Direktorat Kelaikudaran dan Pengoperasian Pesawat Udara (DKPPU) menemukan adanya crack atau retakan pada satu Boeing 737NG Garuda Indonesia dan dua 737NG yang dioperasikan Sriwijaya Air. Demikian disampaikan oleh Direktur DKPPU, Avirianto, setelah melakukan inspeksi khusus atas pesawat 737NG yang beroperasi di Indonesia.

Kata Avirianto,  berdasarkan hasil pemeriksaan yang telah dilakukan oleh DKPPU per tanggal 10 Oktober 2019, terdapat crack pada salah satu dari 3 pesawat B737NG milik Garuda Indonesia yang berumur melebihi 30.000 Flight Cycle Number (FCN). DKPPU juga menemukan  crack pada dua B737NG Sriwijaya Air dari 5 pesawat yang berumur lebih dari 30.000 FCN. Sementara itu, DKPPU tidak menemukan adanya retakan pada 737NG yang dioperasikan oleh  Batik Air dan Lion Air karena keduanya tidak memiliki pesawat yang berumur melebihi 30.000 FCN.

Inspeksi khusus yang dilakukan oleh DKPPU merupakan tindak lanjut dari FAA Airworthiness Directives (AD) Nomor 2019-20-02 terhadap pesawat Boeing B737NG perihal Unsafe Condition.  AD dari FAA ini dikeluarkan setelah FAA menemukan adanya retakan pada  frame fitting outboard chords and failsafe straps adjacent to the stringer S-18A straps. Retakan ini diprediksi dapat  mengakibatkan kegagalan Principal Structural Element (PSE) pada pesawat saat penerbangan berlangsung.

Menindaklanjuti Airworthiness Directives yang dikeluarkan FAA, DKPPU melakukan inspeksi terhadap seluruh B737NG yang beroperasi di Indonesia.

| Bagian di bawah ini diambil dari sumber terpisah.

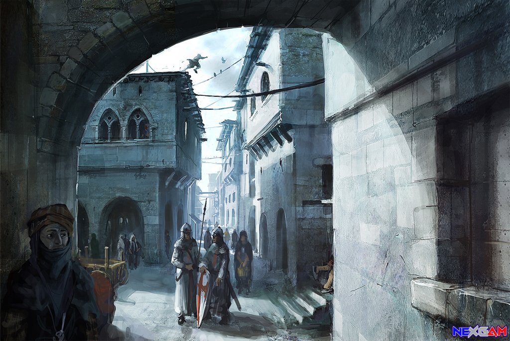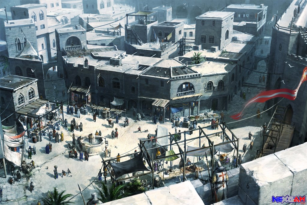 Solltet ihr zu Anfang noch mit dem Pferd unterwegs sein, besteht die erste Aufgabe darin in die Mega-Metropolen Jerusalem oder Damaskus zu gelangen, was bei den scharfsinnigen Wachen schon manchmal zu kleinen kreativen Ideen führt. Habt ihr das Haupttor passiert und nicht viel Aufsehen erregt, solltet ihr zuerst euren Kontaktmann ausfindig machen, welcher euch Details zu eurem Zielobjekt versorgt. Recht informativ sind diese Gespräche nicht, deswegen solltet ihr nach dem Smalltalk mit dem Kontaktmann die Checkpoints auf dem Radar abklappern, um nähere Information über euer Ziel zu erfahren. Hierzu ist es die beste Bewegungsart einfach über die Dächer der Metropolen zu huschen, da ihr hier nicht von zu vielen Wachen beobachtet werdet. Nebenbei erwähnt macht das auch viel mehr Spaß, als wenn ihr wie ein „Softie“ durch die Straßen und über Marktplätze schlurft. Um eure Karte im Optionsmenü zu aktualisieren werdet ihr immer wieder gezwungen sein bestimmte Türme zu erklimmen, um alle Nebenmissionen und Ziele zu synchronisieren.

Inspeksi yang dilakukan DKPPU dilakukan terhadap seluruh  B737NG dengan umur akumulasi lebih dari 30.000 FCN, B737NG dengan umur akumulasi lebih dari 22.600 FCN, dan lanjutnya DKPPU akan melakukan inspensi terhadap pesawat jenis ini setiap 3.500 FCN secara berkala.

“Saat ini maskapai yang mengoperasikan pesawat B737NG adalah Garuda Indonesia sebanyak 73 pesawat, Lion Air sebanyak 102 pesawat, Batik Air sebanyak 14 pesawat, dan Sriwijaya Air sebanyak 24 pesawat, kata Avirianto.

Berdasar hasil inspeksi tanggal 10 Oktober 2019, DKPPU memerintahkan kepada operator untuk menghentikan operasional pesawat yang terindikasi mengalami retakan.  Saat ini operasional pesawat telah diberhentikan dan menunggu rekomendasi lebih lanjut dari Boeing sebagai produsen pesawat itu.